**Task requirements:** The needed output is the run of lines below from the one containing "The chic halter" through the one containing "Magnetic Wireless Charger", copied exactly and free of pictures.

Source data

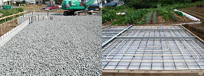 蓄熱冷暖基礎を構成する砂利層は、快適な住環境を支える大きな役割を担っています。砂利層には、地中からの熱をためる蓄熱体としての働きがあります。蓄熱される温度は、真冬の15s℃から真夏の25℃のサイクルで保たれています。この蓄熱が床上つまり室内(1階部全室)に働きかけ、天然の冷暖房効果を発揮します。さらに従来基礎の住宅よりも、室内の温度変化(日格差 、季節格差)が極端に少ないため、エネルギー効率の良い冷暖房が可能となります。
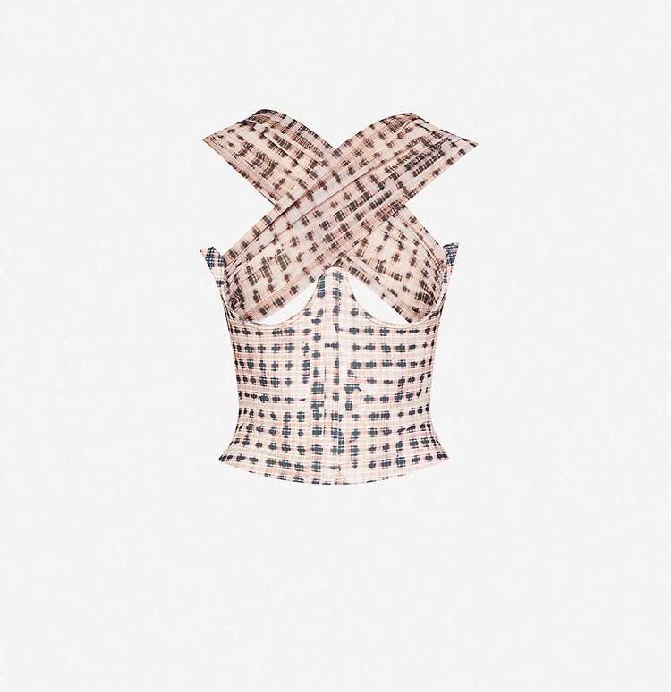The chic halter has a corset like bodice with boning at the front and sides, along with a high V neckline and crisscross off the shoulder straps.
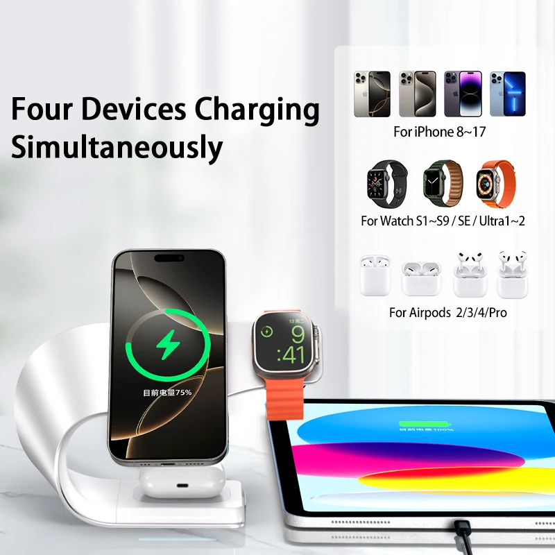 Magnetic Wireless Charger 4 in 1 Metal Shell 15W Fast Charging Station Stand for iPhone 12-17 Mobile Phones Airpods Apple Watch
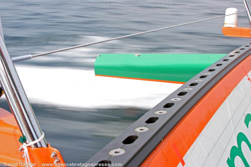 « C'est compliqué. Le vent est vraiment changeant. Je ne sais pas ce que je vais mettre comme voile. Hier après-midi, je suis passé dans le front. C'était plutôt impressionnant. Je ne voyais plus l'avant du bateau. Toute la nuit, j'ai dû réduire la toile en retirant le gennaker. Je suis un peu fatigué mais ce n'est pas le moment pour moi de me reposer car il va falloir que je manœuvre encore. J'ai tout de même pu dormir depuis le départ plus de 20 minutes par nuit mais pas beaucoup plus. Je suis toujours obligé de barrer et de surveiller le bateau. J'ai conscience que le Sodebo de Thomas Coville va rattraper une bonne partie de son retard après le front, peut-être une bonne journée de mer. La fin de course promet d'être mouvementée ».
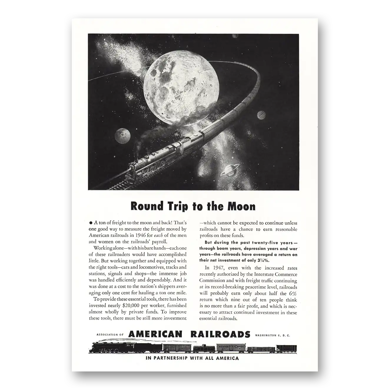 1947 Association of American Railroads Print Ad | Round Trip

**Task solution:**
The chic halter has a corset like bodice with boning at the front and sides, along with a high V neckline and crisscross off the shoulder straps.
 Magnetic Wireless Charger 4 in 1 Metal Shell 15W Fast Charging Station Stand for iPhone 12-17 Mobile Phones Airpods Apple Watch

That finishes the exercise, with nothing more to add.